Já paguei 50 centavos (meia passagem) pra andar em ônibus com ar condicionado e televisão sintonizada na MTV em Manaus. Sério! Não é lenda urbana. Foi em 1999, antes da Virada do Milênio.

Aí chegou os anos 2000 e hoje, em novo milênio e em novo século, os usuários do transporte coletivo pagarão uma taxa de 50 centavos a mais em menos de um mês do último aumento – de R$ 3,30 a R$ 3,80.
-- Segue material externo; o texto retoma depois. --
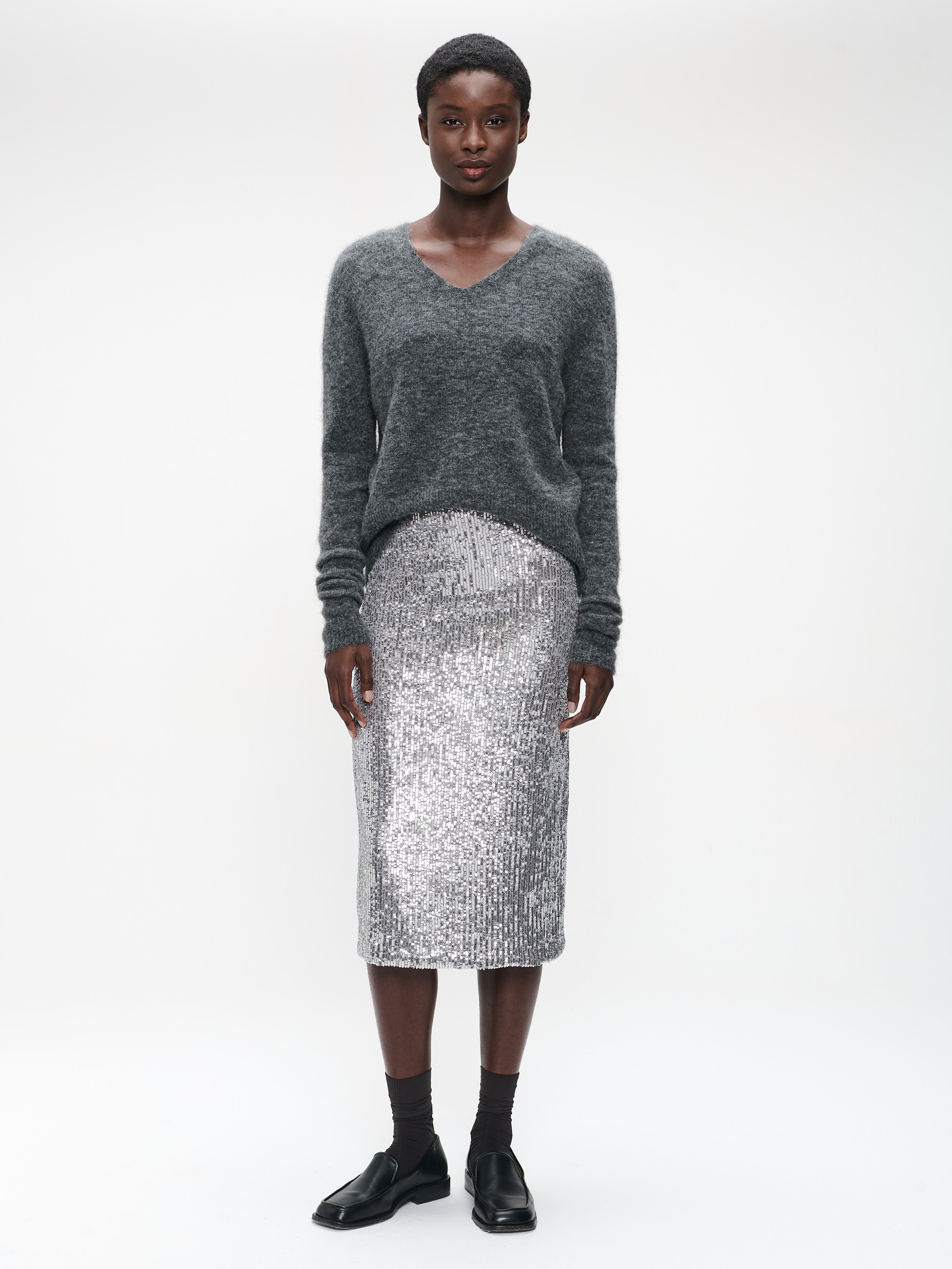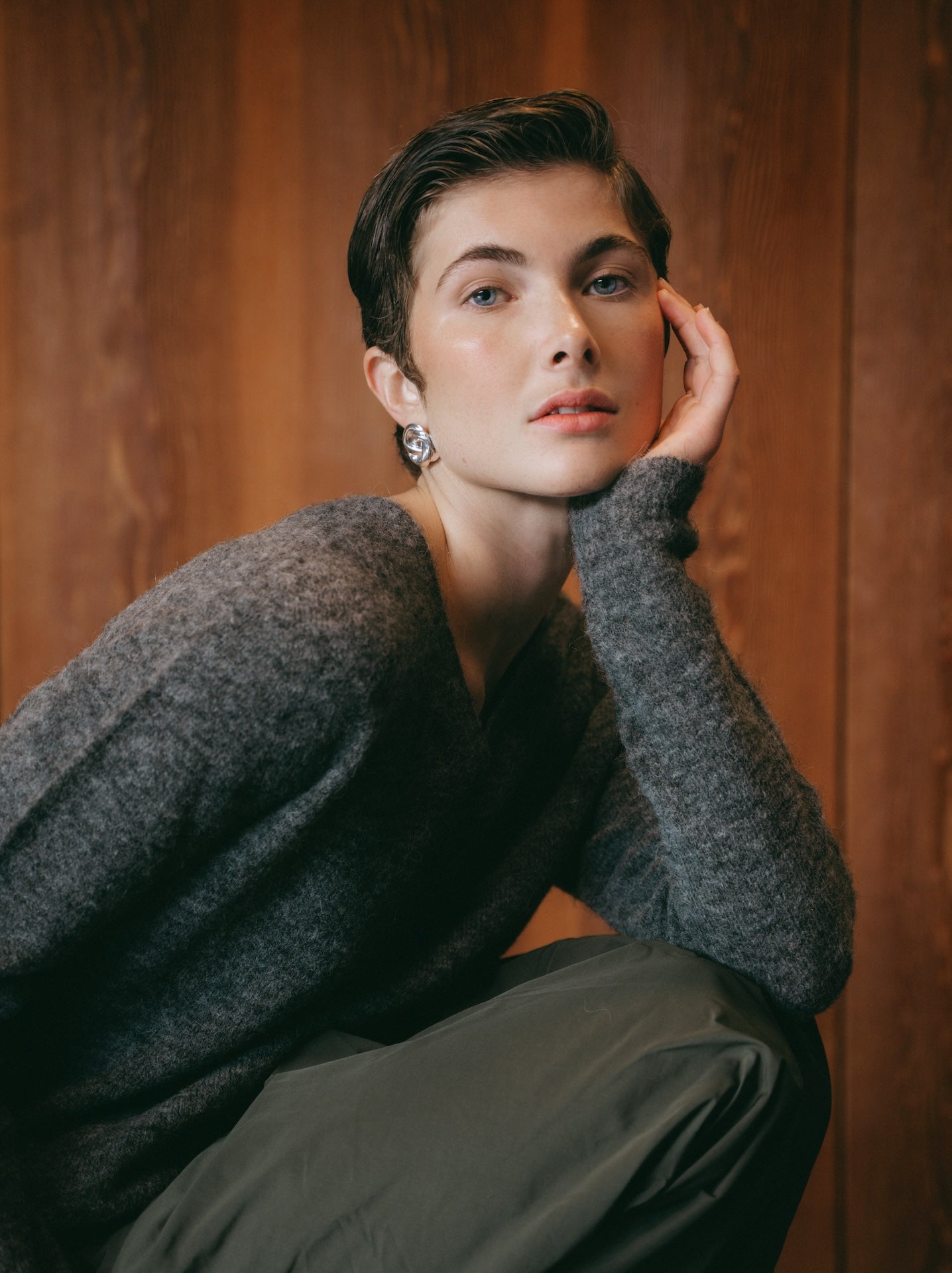 • Uitgevoerd in een verfijnde grijs gemêleerde tint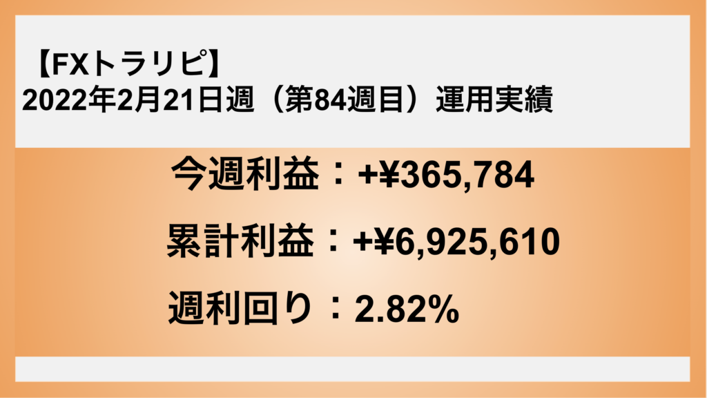 【FXトラリピ】2022年2月21日〜 84週目の運用実績 利益は¥365,784でした

Os ônibus não têm mais ar condicionado, é verdade, mas tem uma porção de goteiras em dias de chuva e se torna uma sauna ambulante em dias de calor (”pisa, motora, pro vento correr”, alguém sempre grita lá do fundão). Televisão? Só aquela 14 polegadas que o tiozinho carrega debaixo do braço quando precisa levar pro conserto.

Mas nem tudo são dores: tem jujuba e bala de mangarataia por apenas R$ 1. Picolé da massa e chocolate com gosto de sabão em pó, às vezes. E quem senta nos fundos tem uma experiência de montanha-russa quando o motorista desce a ladeira ou passa por um quebra-molas. Uma delícia!

Ah, e de vez em quando entram uns jovens muito enérgicos, portando objetos pontiagudos, que pedem, em altos decibéis, uma pequena contribuição dos passageiros em troca de um show de horror.

Quando não tem essa catarse coletiva, somos obrigados a descer do veículo antes de chegarmos ao nosso destino e, na ocasião, somos incentivados a interagir com outros passageiros até que chegue outro ônibus. Quantas amizades novas, negócios fechados e casamentos não saíram desses sublimes momentos de socialização… Mais eficaz que qualquer rede social.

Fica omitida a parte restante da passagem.